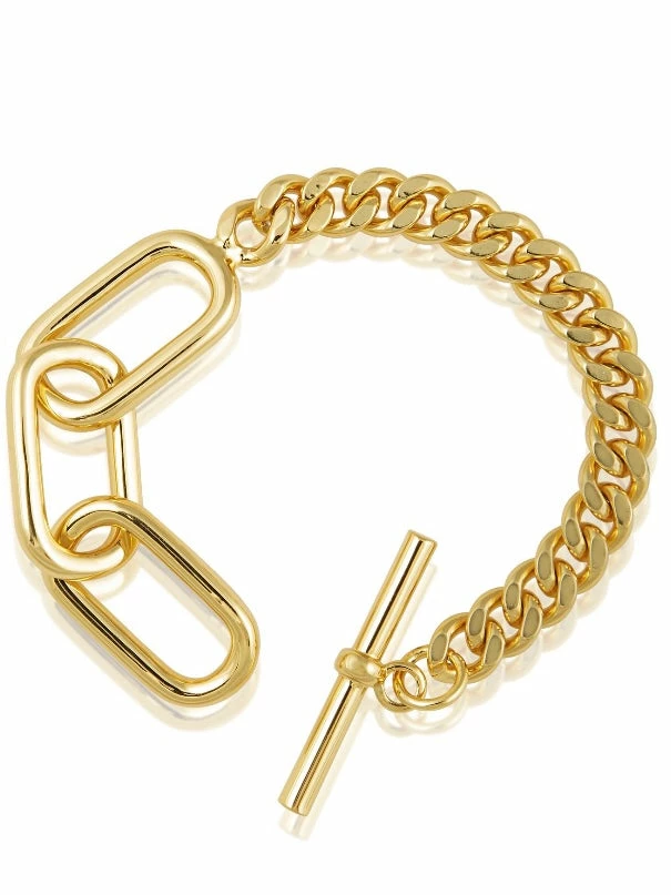 Multi link style bracelet w toggle in 18k gold plated stainless steel
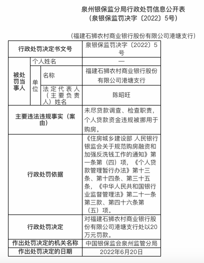 2022年6月20日,中国银保监会泉州监管分局对福建石狮农村商业银行股份有限公司港塘支行(法定代表人(主要负责人)姓名陈昭旺)处以20万元罚款。主要违法违规事实(案由)为:未尽贷款调查、检查职责,个人贷款资金违规被挪用于购房。
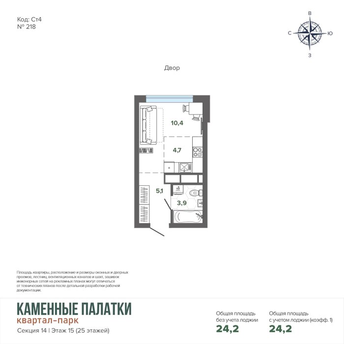 Общая площадь:24.16 м2
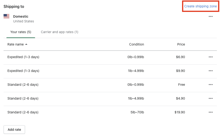 *注:如果使用Deliverr履約某些地區(qū)的訂單,而其它地區(qū)使用別的履約方式,您需要確保在Shopify中啟用“Multiple Locations”(多地點),并為每個地點添加單獨的費率。
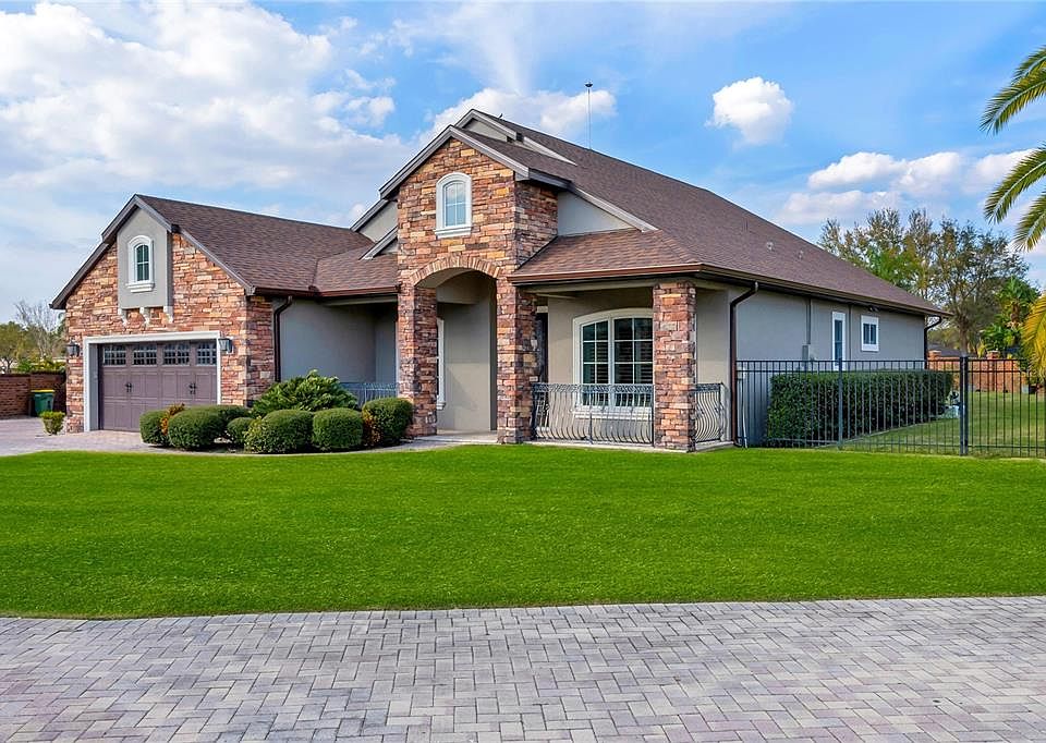 This is a stunning ½ Acre, custom-built home in the gated community of Pearl’s Landing on Lake Conway, in Belle Isle. Featuring a unique lakefront access and a plethora of luxurious upgrades. With only 4 homes, and No HOA in the community, this house boasts 3 bedrooms, an office, formal dining, a great room, and a chef's dream kitchen with high-end appliances and ample storage. The master suite is a retreat with wood-look tile, a luxurious bath, and a large walk-in closet. The other bedrooms are also generously sized, one even having an ensuite bathroom. The great room is spacious and perfect for entertaining, with french doors leading to the covered lanai and a huge fenced backyard with a recently-built saltwater pool (2021). The house is packed with upgrades, including foam insulation and block walls, fenced yard, double pane Anderson windows, a whole house generator, 4 zoned AC, wood floors, crown molding, recessed lighting, speakers, central vac system, New Roof 2022 , New Water Heater 2022, 10’ Ceilings, and more. The unique lakefront features approximately 150' of lakefront with a partial seawall and a partial sandy area, and there's even a private brick pathway leading to your point on the lake, with plenty of room to add a boat dock. This gated enclave is a hidden gem where neighbors look out for each other, and the community also provides a boat ramp just six houses away for access. Overall, this home is a true gem, with every detail carefully thought out and designed to perfection, making it a must-see for anyone looking for their dream home in a secluded and peaceful setting.
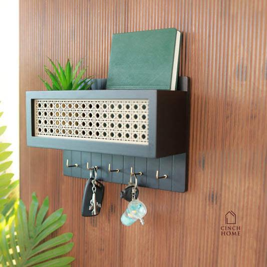 Rattan Key Holder & Wall Shelf
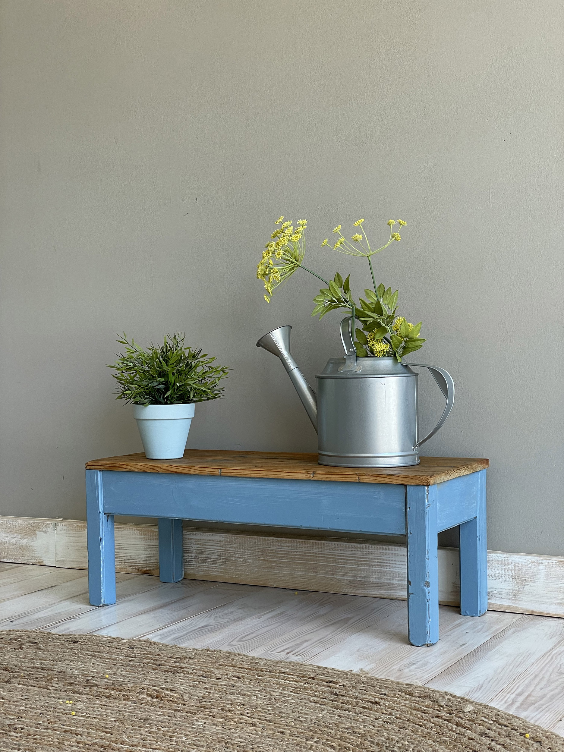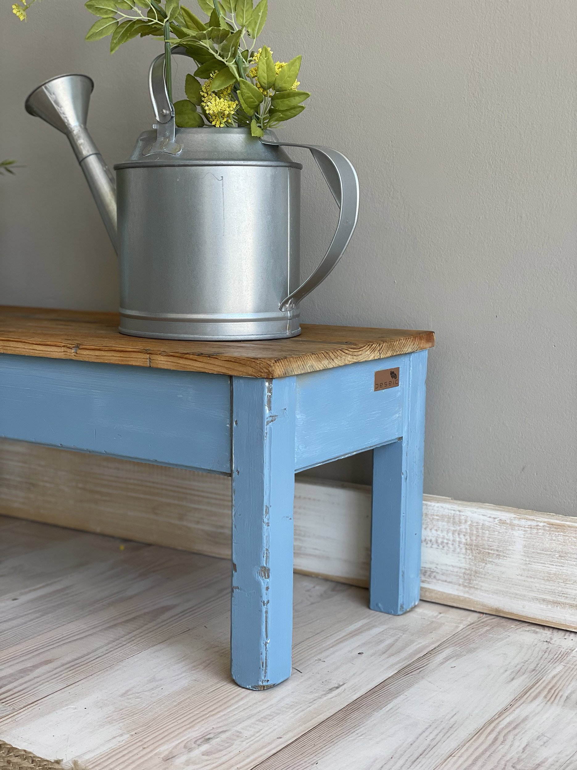 Sobre de color natural de la fusta i potes pintades en color blau real satinat.
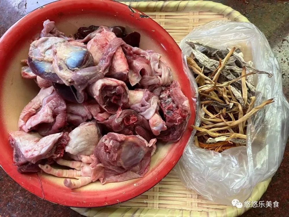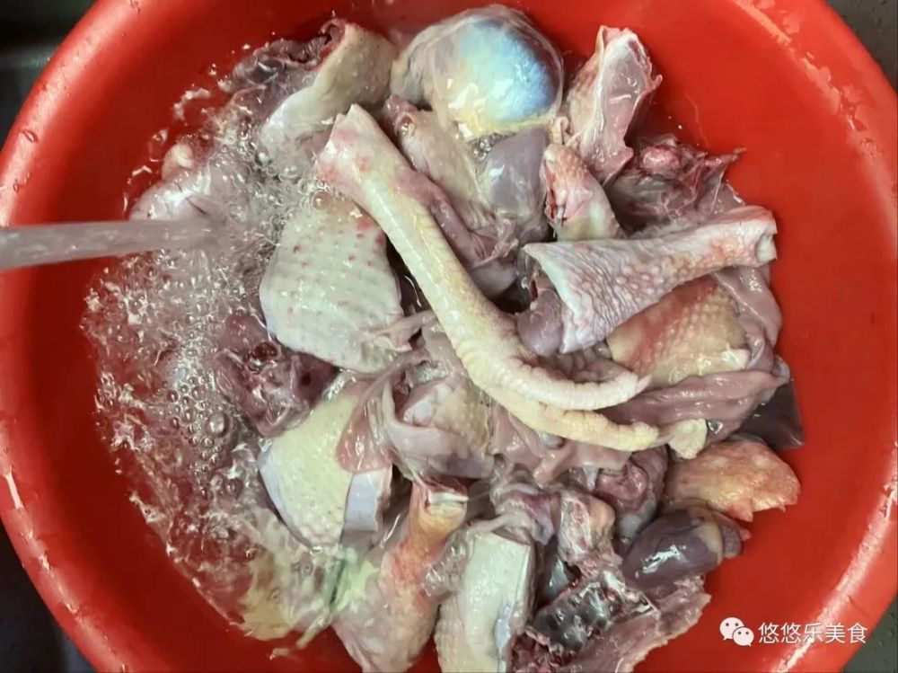 2.今天的鸡肉是老妈自己养的,然后做起来给它处理掉。处理好后我们再用清水给它洗干净,可以多冲洗几遍,更好地把它洗干净。盘中的所有食材洗净,洗净后捞出。需要做的拿出来,再放在案板上给它切成小块,切好的鸡肉放在一旁备用;
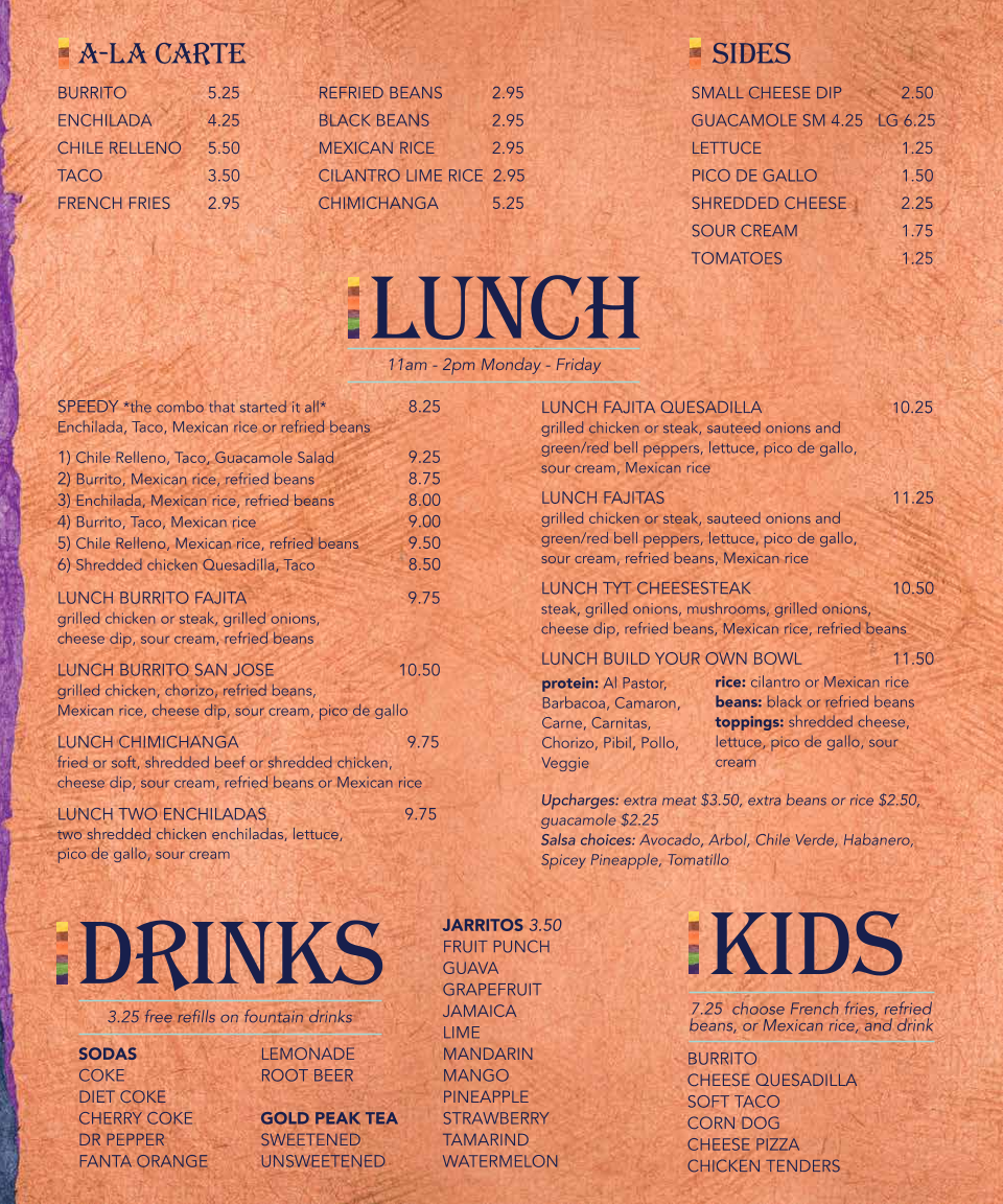 The menu boasts an impressive selection. For lunch, options like the Speedy Enchilada and Lunch Combo #1 offer satisfying choices at great prices. Signature specials like the Carnitas and Chimichangas are crafted with fresh ingredients and rich flavors, ensuring a feast for the senses.
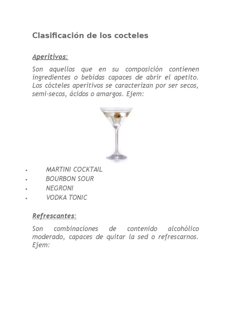 temperatura del coctel. A continuacin veremos la clasificacin de cocteles segn
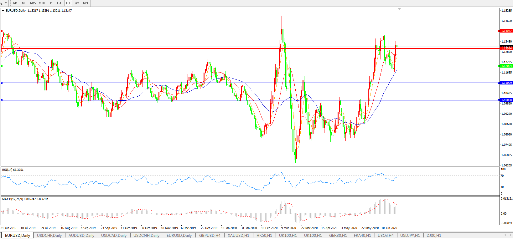交易策略:1.1200上方看涨,目标1.1300、1.1400
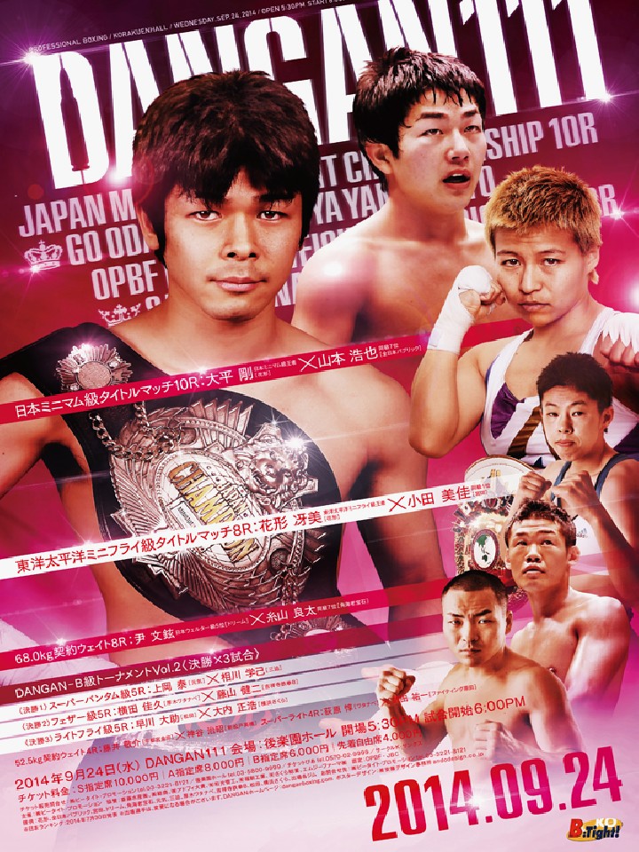 注目:今年6月の初防衛戦を苦戦しながらもクリアした大平のV2戦。現在IBFでは6位にランクされ、世界を射程圏に捉える。対する山本は12年度の全日本ミニマム級新人王で、昨年8月に本来階級上の山口隼人(TEAM10COUNT)に初黒星を喫したが、ミニマム級のNO.1ホープであることには間違いない。気持ちの強い選手だけに、挑戦者らしいアグレッシブなファイトに期待したい。
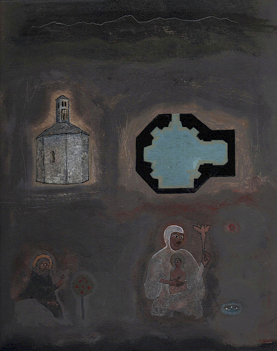 Seit 2020 waren Ausstellungsmöglichkeiten sehr vermindert worden, oder fielen aus. Im Jahr 2021 ist eine neue Werkgruppe entstanden, in Erinnerung an den Architekten Karl-Friedrich Schinkel, der 1822-24 die evangelische Bischmisheimer Kircher erbauen ließ. Die Kirche mit ihrem oktogonalen Grundriss wurde von Schinkel selbst entworfen. Im Jahr 2022 sollte in Saarbrücken eigentlich ein Schinkel-Symposium stattfinden, was zur Zeit eine offene Frage bleibt. Meine kleinformatigen Bilder zeugen von der langen, reichen Tradition oktogonaler Sakralbauten, speziell den Baptisterien.

> _What to work on_
If a record holds a picture, leave the picture out and transcribe everything else exactly.

> _Your response_
 Multi link style bracelet w toggle in 18k gold plated stainless steel
 2022年6月20日,中国银保监会泉州监管分局对福建石狮农村商业银行股份有限公司港塘支行(法定代表人(主要负责人)姓名陈昭旺)处以20万元罚款。主要违法违规事实(案由)为:未尽贷款调查、检查职责,个人贷款资金违规被挪用于购房。
 Общая площадь:24.16 м2
 *注:如果使用Deliverr履約某些地區(qū)的訂單,而其它地區(qū)使用別的履約方式,您需要確保在Shopify中啟用“Multiple Locations”(多地點),并為每個地點添加單獨的費率。
 This is a stunning ½ Acre, custom-built home in the gated community of Pearl’s Landing on Lake Conway, in Belle Isle. Featuring a unique lakefront access and a plethora of luxurious upgrades. With only 4 homes, and No HOA in the community, this house boasts 3 bedrooms, an office, formal dining, a great room, and a chef's dream kitchen with high-end appliances and ample storage. The master suite is a retreat with wood-look tile, a luxurious bath, and a large walk-in closet. The other bedrooms are also generously sized, one even having an ensuite bathroom. The great room is spacious and perfect for entertaining, with french doors leading to the covered lanai and a huge fenced backyard with a recently-built saltwater pool (2021). The house is packed with upgrades, including foam insulation and block walls, fenced yard, double pane Anderson windows, a whole house generator, 4 zoned AC, wood floors, crown molding, recessed lighting, speakers, central vac system, New Roof 2022 , New Water Heater 2022, 10’ Ceilings, and more. The unique lakefront features approximately 150' of lakefront with a partial seawall and a partial sandy area, and there's even a private brick pathway leading to your point on the lake, with plenty of room to add a boat dock. This gated enclave is a hidden gem where neighbors look out for each other, and the community also provides a boat ramp just six houses away for access. Overall, this home is a true gem, with every detail carefully thought out and designed to perfection, making it a must-see for anyone looking for their dream home in a secluded and peaceful setting.
 Rattan Key Holder & Wall Shelf
 Sobre de color natural de la fusta i potes pintades en color blau real satinat.
 2.今天的鸡肉是老妈自己养的,然后做起来给它处理掉。处理好后我们再用清水给它洗干净,可以多冲洗几遍,更好地把它洗干净。盘中的所有食材洗净,洗净后捞出。需要做的拿出来,再放在案板上给它切成小块,切好的鸡肉放在一旁备用;
 The menu boasts an impressive selection. For lunch, options like the Speedy Enchilada and Lunch Combo #1 offer satisfying choices at great prices. Signature specials like the Carnitas and Chimichangas are crafted with fresh ingredients and rich flavors, ensuring a feast for the senses.
 temperatura del coctel. A continuacin veremos la clasificacin de cocteles segn
交易策略:1.1200上方看涨,目标1.1300、1.1400
 注目:今年6月の初防衛戦を苦戦しながらもクリアした大平のV2戦。現在IBFでは6位にランクされ、世界を射程圏に捉える。対する山本は12年度の全日本ミニマム級新人王で、昨年8月に本来階級上の山口隼人(TEAM10COUNT)に初黒星を喫したが、ミニマム級のNO.1ホープであることには間違いない。気持ちの強い選手だけに、挑戦者らしいアグレッシブなファイトに期待したい。
 Seit 2020 waren Ausstellungsmöglichkeiten sehr vermindert worden, oder fielen aus. Im Jahr 2021 ist eine neue Werkgruppe entstanden, in Erinnerung an den Architekten Karl-Friedrich Schinkel, der 1822-24 die evangelische Bischmisheimer Kircher erbauen ließ. Die Kirche mit ihrem oktogonalen Grundriss wurde von Schinkel selbst entworfen. Im Jahr 2022 sollte in Saarbrücken eigentlich ein Schinkel-Symposium stattfinden, was zur Zeit eine offene Frage bleibt. Meine kleinformatigen Bilder zeugen von der langen, reichen Tradition oktogonaler Sakralbauten, speziell den Baptisterien.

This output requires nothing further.